*** Opening of Given data ***
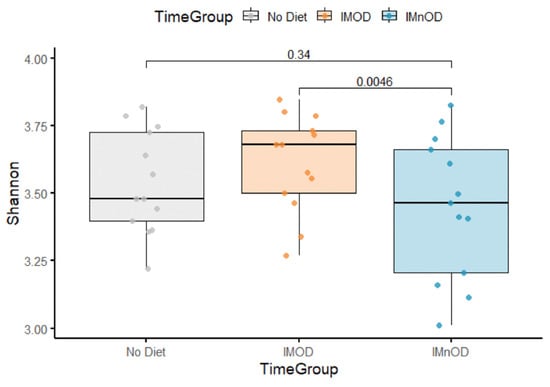 The aggregated data regarding the alpha diversity in the three dietary groups (No Diet, IMOD and IMnOD), assessed using the Shannon index, are reported in Figure 1. The median Shannon diversity showed a consistent trend of being higher in the IMOD group compared to the IMnOD group.
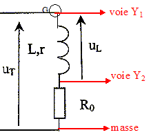 Branchements d'un oscilloscope permettant de visualiser la tension totale UT aux bornes du dipôle (L, r, R0) sur la voie Y1 et l'intensité i(t) du courant dans le circuit sur la voie Y2 :
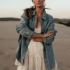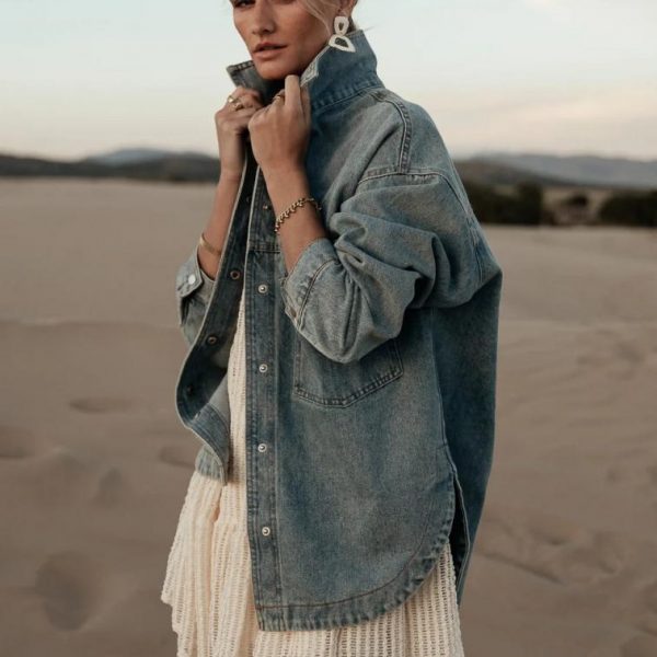 Collared Neckline Six Covered Button Closure Long Sleeves with Button Cuffs Six Button Closure on Front Two Front Pockets Loop on Back 100% Cotton Hand Wash Cold, Hang Dry A girl’s best friend is a good denim jacket and we’d like to introduce you to your next ride or die. The Eloise Denim Jacket in Blue will go with any outfit, for any occasion. Wear with a pair of light denim jeans for a monochromatic look. Model Info Height: 5’7″ Wearing Size: Small
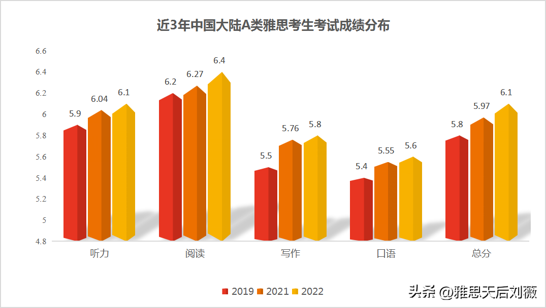 根據雅思官方最新發布的2022年全球雅思考生數據報告,2022年中國大陸雅思考生A類(學術類)的總分均分為6.1分,大陸考生在不同雅思分數的占比如下:
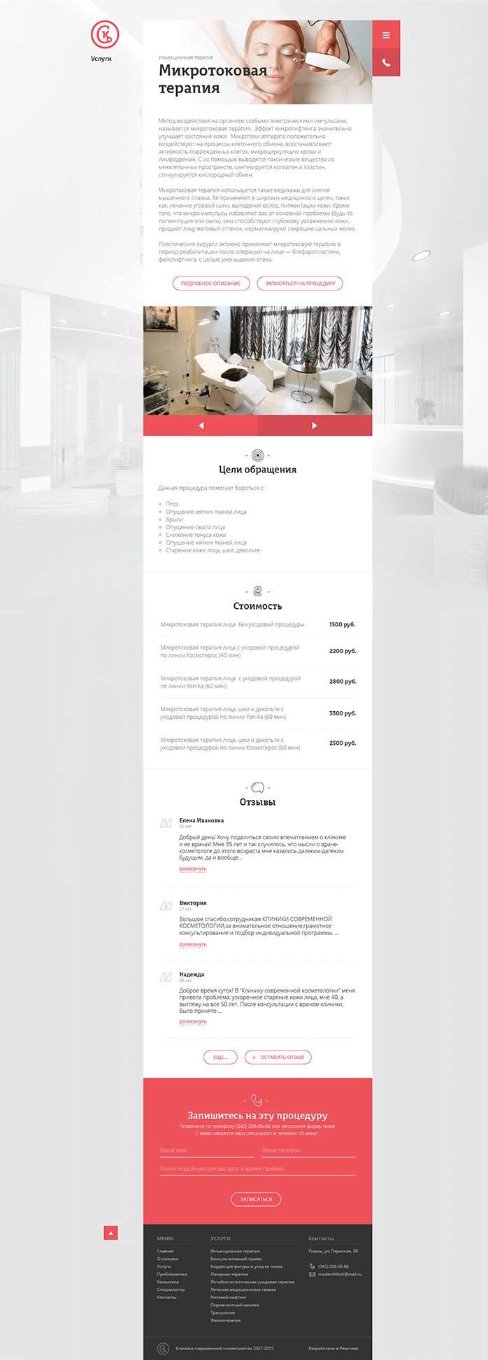 Клиника ничего не скрывает от своих пациентов, поэтому каждая услуга описана очень подробно. Можно прочитать, что происходит во время обращения в клинику, какие препараты используются, и сколько все это стоит. Предусмотрена возможность оставлять отзывы и, конечно же, быстро и удобно записаться на прием с помощью специальной формы заявки.
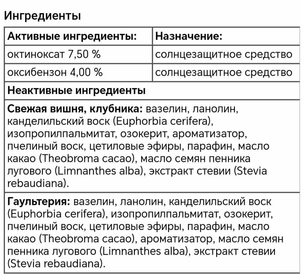 | Состав | Активные ингредиенты: Белый вазелин 41,25%, Неактивные Ингредиенты: ланолин, масло семян какао теобромы, воск молочая цериферного, пчелиный воск, цетиловые эфиры, озокерит, парафин, масло семян лимнантеса альба, камфора, ментол, салициловая кислота, фенол, ароматизатор, ванилин |
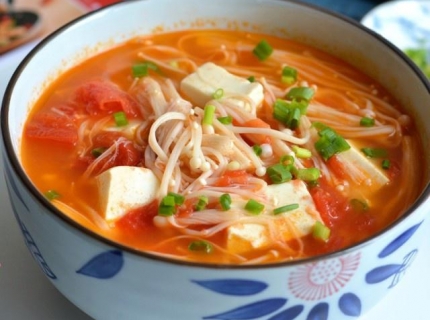 - 每天喝一碗金针菇番茄豆腐汤,暖胃又漂亮
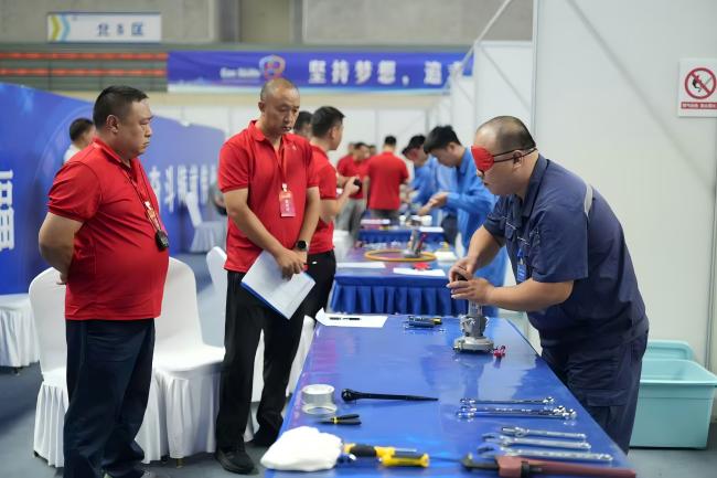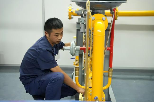 本次競賽分為理論考試和實操競賽兩大部分,內(nèi)容涵蓋技術(shù)方案編制、蒙眼拆裝、工藝系統(tǒng)檢查及故障排除等多項考核內(nèi)容。理論考試主要檢驗參賽選手對燃?xì)夤艿勒{(diào)壓相關(guān)知識的掌握情況,而實操競賽則通過模擬真實工作環(huán)境,全面考察選手的實際操作能力和應(yīng)對突發(fā)情況的能力。在實操競賽中,選手們需要在規(guī)定時間內(nèi)完成蒙眼拆裝切斷閥、排查調(diào)壓器故障并恢復(fù)管道壓力等任務(wù),整個過程需準(zhǔn)確無誤的完成144個零件的拆裝,并一次性調(diào)試合格。比賽現(xiàn)場氣氛緊張而熱烈,選手們?nèi)褙炞ⅰ幏謯Z秒,展現(xiàn)了燃?xì)庑袠I(yè)職工良好的職業(yè)素養(yǎng)和團(tuán)隊協(xié)作精神。
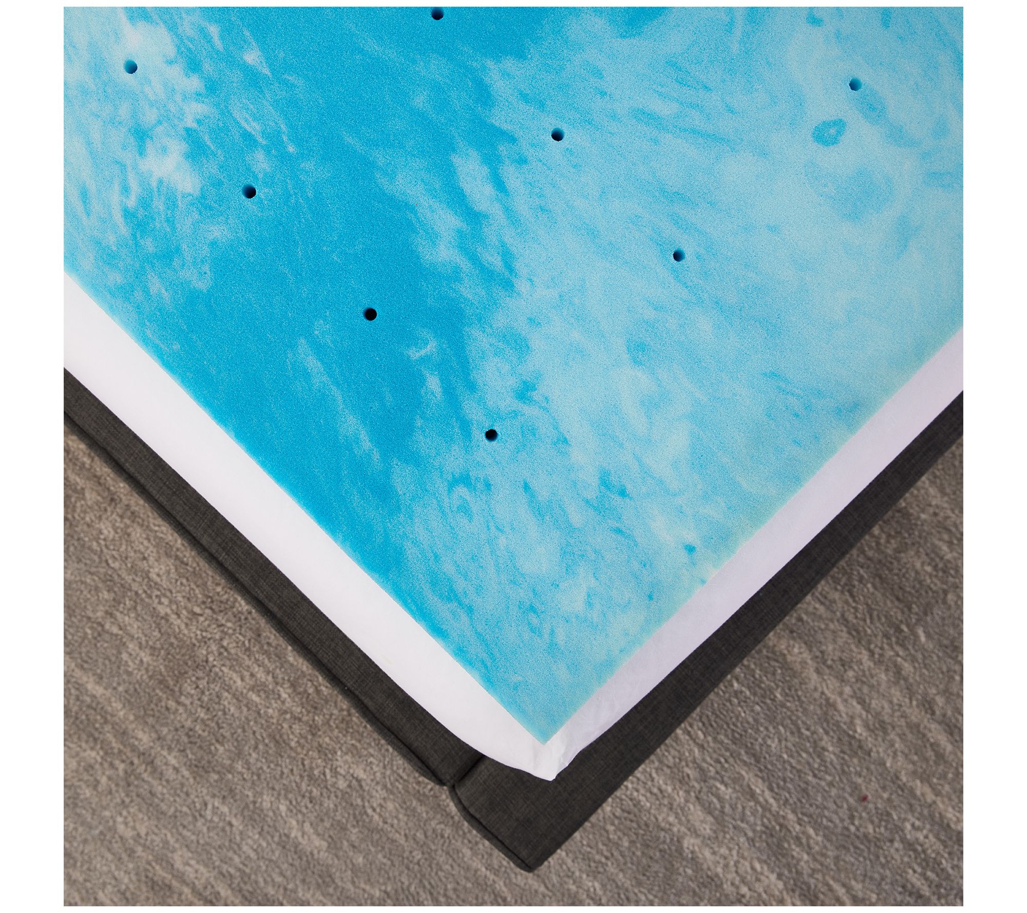 Layer your mattress with plush, supportive comfort using this Gel Swirl Memory Foam Mattress Topper. Three inches of AeroFusion gel memory foam provide optimal spinal alignment and pressure point relief while promoting cooler sleep with its cooling gel swirls. Ventilation technology enhances airflow and temperature regulation, ensuring a restful night's sleep. From Bodipedic
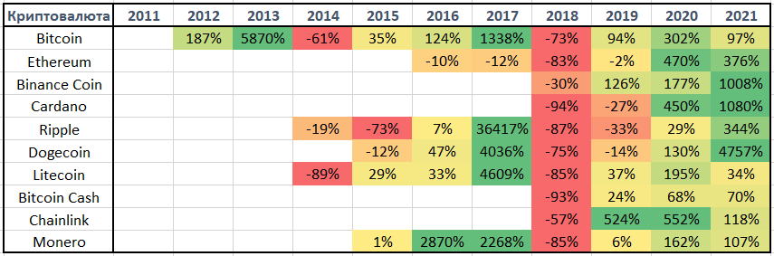 - х2, х3, х4… — действуем жаднее и закрываем позицию, когда доходность достигает несколько сотен процентов (имеет смысл для криптовалют с небольшой капитализацией);
*** Close of Given data ***
**Work request**
Repeat word for word the lines above, from the first entry through the line containing "根據雅思官方最新發布的202", with both ends kept and the pictures dropped.

**Output**
 The aggregated data regarding the alpha diversity in the three dietary groups (No Diet, IMOD and IMnOD), assessed using the Shannon index, are reported in Figure 1. The median Shannon diversity showed a consistent trend of being higher in the IMOD group compared to the IMnOD group.
 Branchements d'un oscilloscope permettant de visualiser la tension totale UT aux bornes du dipôle (L, r, R0) sur la voie Y1 et l'intensité i(t) du courant dans le circuit sur la voie Y2 :
 Collared Neckline Six Covered Button Closure Long Sleeves with Button Cuffs Six Button Closure on Front Two Front Pockets Loop on Back 100% Cotton Hand Wash Cold, Hang Dry A girl’s best friend is a good denim jacket and we’d like to introduce you to your next ride or die. The Eloise Denim Jacket in Blue will go with any outfit, for any occasion. Wear with a pair of light denim jeans for a monochromatic look. Model Info Height: 5’7″ Wearing Size: Small
 根據雅思官方最新發布的2022年全球雅思考生數據報告,2022年中國大陸雅思考生A類(學術類)的總分均分為6.1分,大陸考生在不同雅思分數的占比如下:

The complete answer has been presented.